Brief = Leave the images out and write out each entry exactly as shown.

Supplied data =

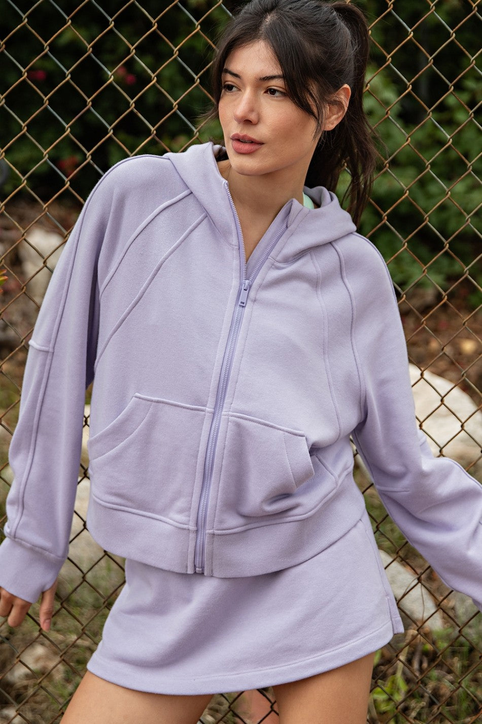 This French terry long sleeve full zip hoodie top offers a trendy, cropped fit. Experience the perfect combination of style and comfort with this fashionable piece. No need to sacrifice style for comfort, get both with this must-have top.
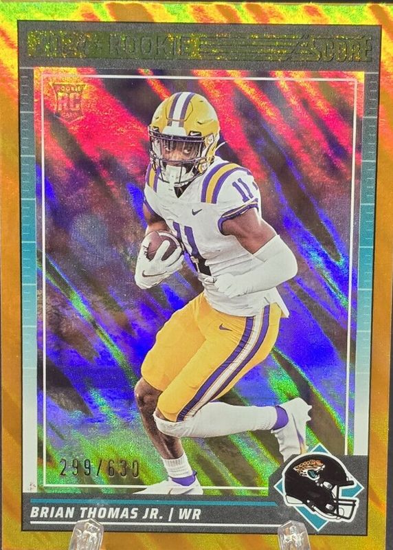 This card is 1 of 26 Brian Thomas Jr.'s card variations in the 2024 Score set being tracked by Sports Card Investor, including Base, Gold, Green, Orange, and Purple.
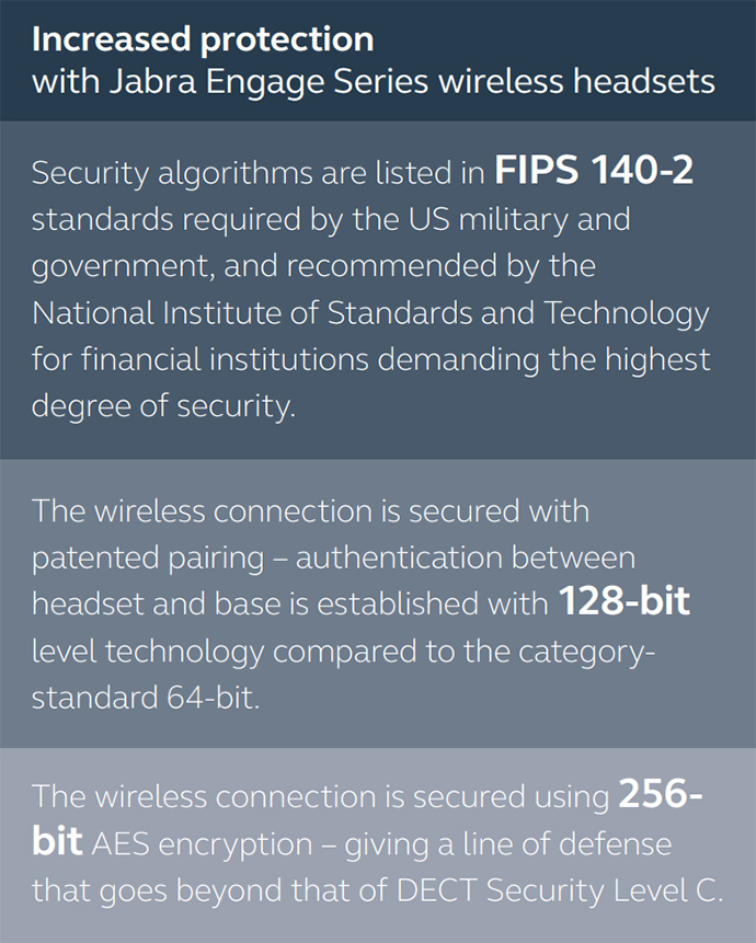 Jabra Engage Series wireless headsets go one step further, taking advantage of encryption algorithms listed in FIPS 140-2 standards required by the US military and government. This level of security goes beyond DECT Level C.
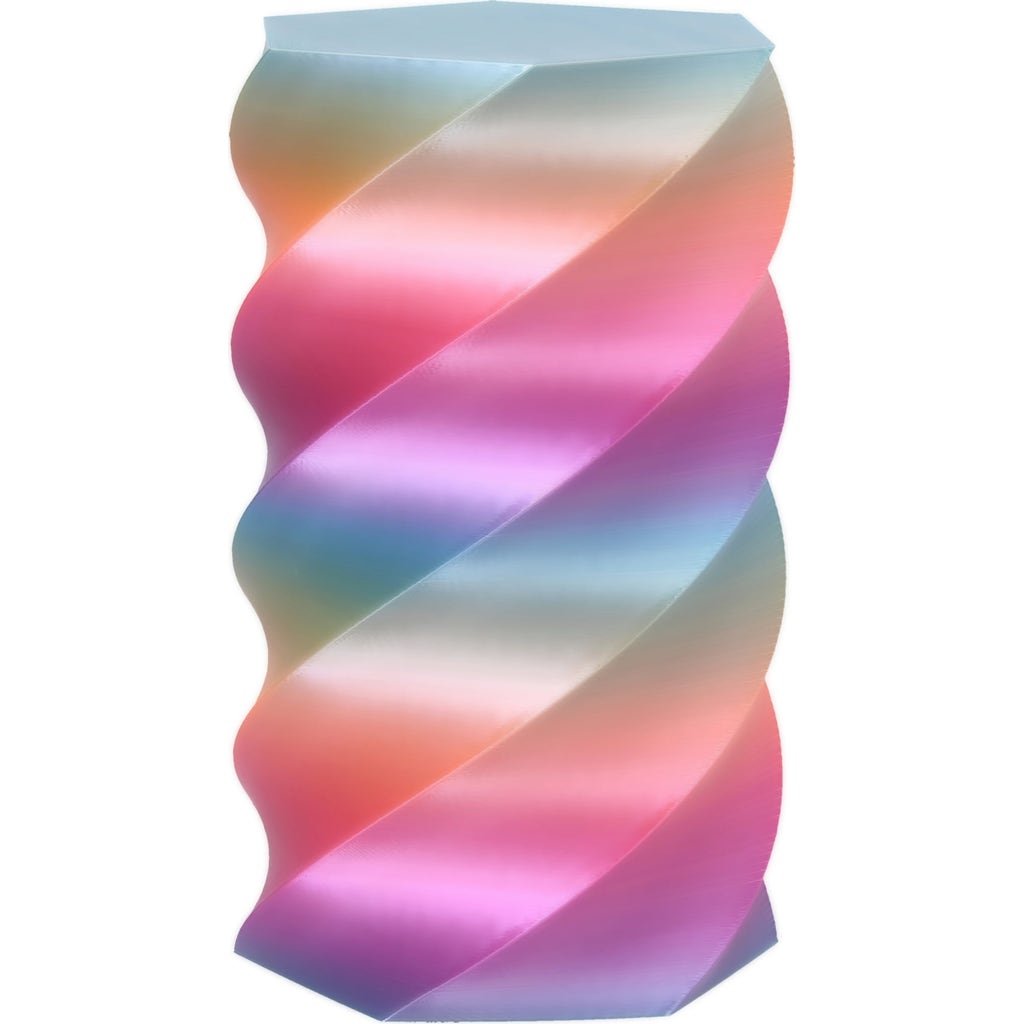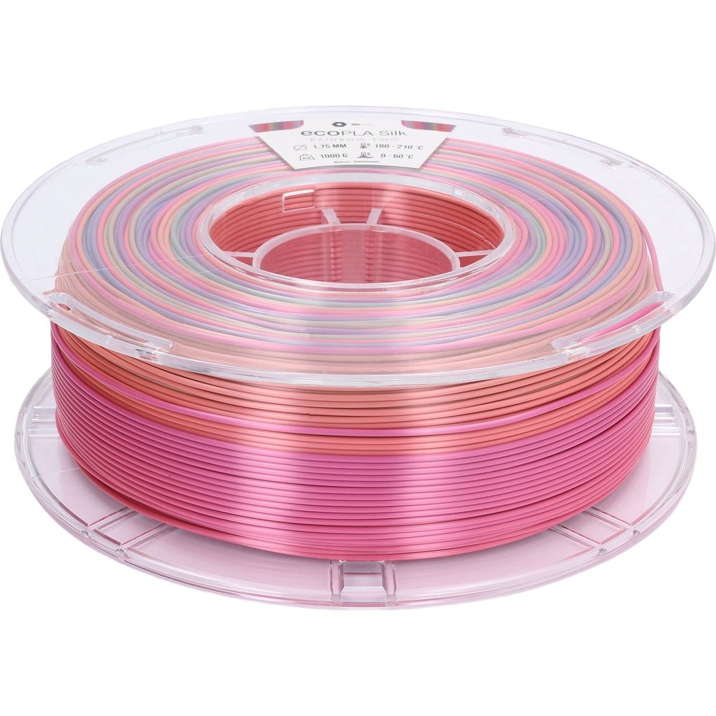 The ecoPLA Silk Rainbow combines a beautiful silky shine with a spectacular colour spectrum. The transitions between the different colours are soft and flowing, creating an elegant fusion of colours. Ideal for colourful models with visual depth.
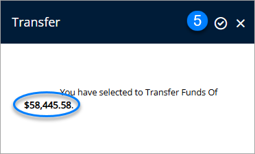 - A dialog box will appear, showing the amount of funds to be transferred. Click the tick to proceed
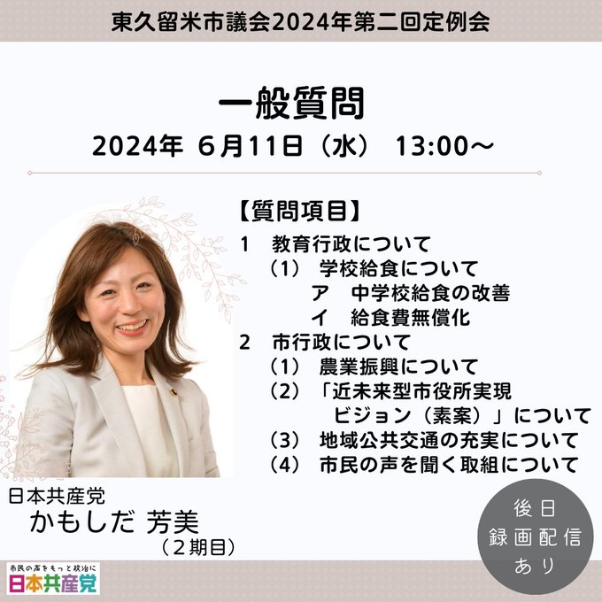 本日、質問を終えました。中学校給食の質問で時間を使ってしまい、他の再質問があまりできなかったのが反省です後日、録画配信がされる予定です。
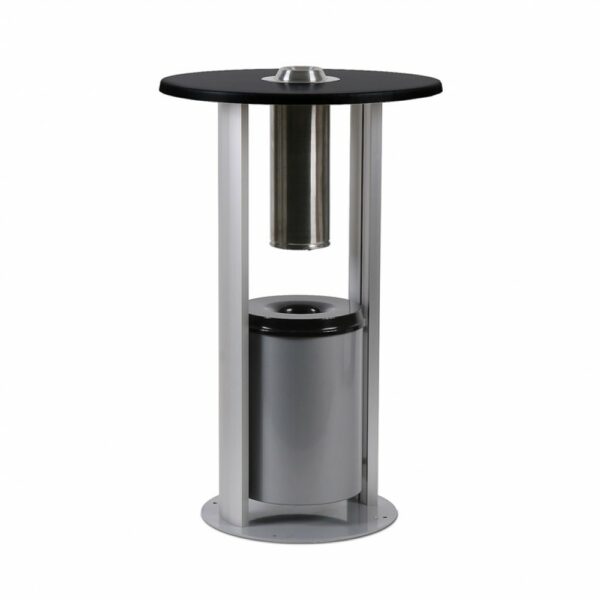Wolnostojący stolik z popielniczką ze stali nierdzewnej. Odporny na warunki atmosferyczne, z ogniotrwałym, okrągłym blatem o średnicy 700 mm. Użyte materiały gwarantują, że popielnica nie zardzewieje i nie zostanie uszkodzona przez niedopałki. Otwór w blacie posiada rozwiązanie odprowadzające odpadki do pojemnika pod blatem. Zbiornik na popiół wyposażony jest w otwieraną do dołu zapadkę ułatwiającą opróżnianie zawartości. Odpadki wpadają od razu do kosza, który znajduje się poniżej. Do pojemnika na niedopałki można dostać się wyłącznie za pomocą klucza. Doskonałą stabilność całej konstrukcji zapewnia ciężka, stalowa podstawa z nawierconymi otworami umożliwiającymi przymocowanie na stałe do podłoża. Popielnicę dostarczamy całkowicie zmontowaną i gotową do użycia.

Task result =
 This French terry long sleeve full zip hoodie top offers a trendy, cropped fit. Experience the perfect combination of style and comfort with this fashionable piece. No need to sacrifice style for comfort, get both with this must-have top.
 This card is 1 of 26 Brian Thomas Jr.'s card variations in the 2024 Score set being tracked by Sports Card Investor, including Base, Gold, Green, Orange, and Purple.
 Jabra Engage Series wireless headsets go one step further, taking advantage of encryption algorithms listed in FIPS 140-2 standards required by the US military and government. This level of security goes beyond DECT Level C.
 The ecoPLA Silk Rainbow combines a beautiful silky shine with a spectacular colour spectrum. The transitions between the different colours are soft and flowing, creating an elegant fusion of colours. Ideal for colourful models with visual depth.
 - A dialog box will appear, showing the amount of funds to be transferred. Click the tick to proceed
 本日、質問を終えました。中学校給食の質問で時間を使ってしまい、他の再質問があまりできなかったのが反省です後日、録画配信がされる予定です。
Wolnostojący stolik z popielniczką ze stali nierdzewnej. Odporny na warunki atmosferyczne, z ogniotrwałym, okrągłym blatem o średnicy 700 mm. Użyte materiały gwarantują, że popielnica nie zardzewieje i nie zostanie uszkodzona przez niedopałki. Otwór w blacie posiada rozwiązanie odprowadzające odpadki do pojemnika pod blatem. Zbiornik na popiół wyposażony jest w otwieraną do dołu zapadkę ułatwiającą opróżnianie zawartości. Odpadki wpadają od razu do kosza, który znajduje się poniżej. Do pojemnika na niedopałki można dostać się wyłącznie za pomocą klucza. Doskonałą stabilność całej konstrukcji zapewnia ciężka, stalowa podstawa z nawierconymi otworami umożliwiającymi przymocowanie na stałe do podłoża. Popielnicę dostarczamy całkowicie zmontowaną i gotową do użycia.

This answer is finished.